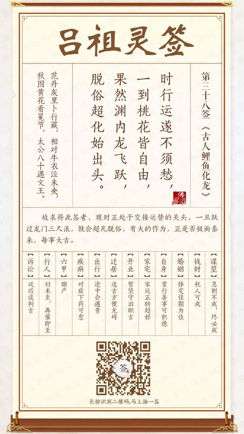 從簽文來看,呂祖靈簽第38簽告訴我們,一個(gè)人的功名富貴全都掌握在自己手中,不要羨慕別人的成就,雖然才華橫溢,恃才傲物,但最終還是要靠自己腳踏實(shí)地去實(shí)現(xiàn)。
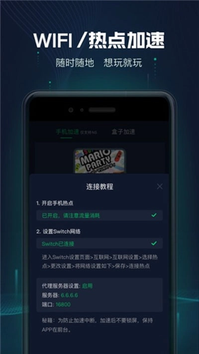 确认Switch已连接到手机热点,当弹窗显示“Switch已连接”时,就说明加速成功了。
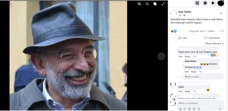 L’ utente Facebook “Gass Dottor”, membro di una informale rete social di propagandisti della giudeofobia, insulta Gad Lerner definendolo ratto e ironizzando sul suo naso da ebreo, anche i commentatori del post usano la stessa cifra dell’irrisione antisemita.
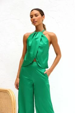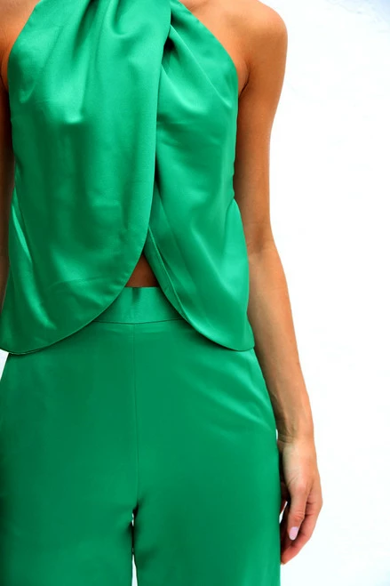 - open cross-over front top with raised hem
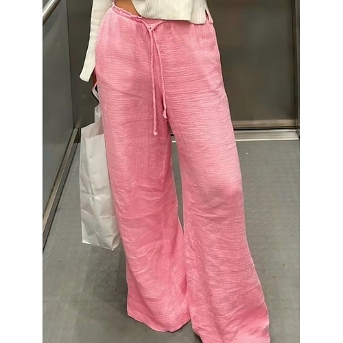 Per donna Finto cotone e lino Pantaloni Estivi Pantaloni da Spiaggia Vacanza Moda Casual Lunghezza intera Vita media Semplice Coulisse Patchwork Comodità Inelastico Quotidiano All'aperto Ferie Bianco
⁂
Could the lines from the first entry through the line that contains "确认Switch已连接到手机" be copied exactly, with all pictures left out?

 從簽文來看,呂祖靈簽第38簽告訴我們,一個(gè)人的功名富貴全都掌握在自己手中,不要羨慕別人的成就,雖然才華橫溢,恃才傲物,但最終還是要靠自己腳踏實(shí)地去實(shí)現(xiàn)。
 确认Switch已连接到手机热点,当弹窗显示“Switch已连接”时,就说明加速成功了。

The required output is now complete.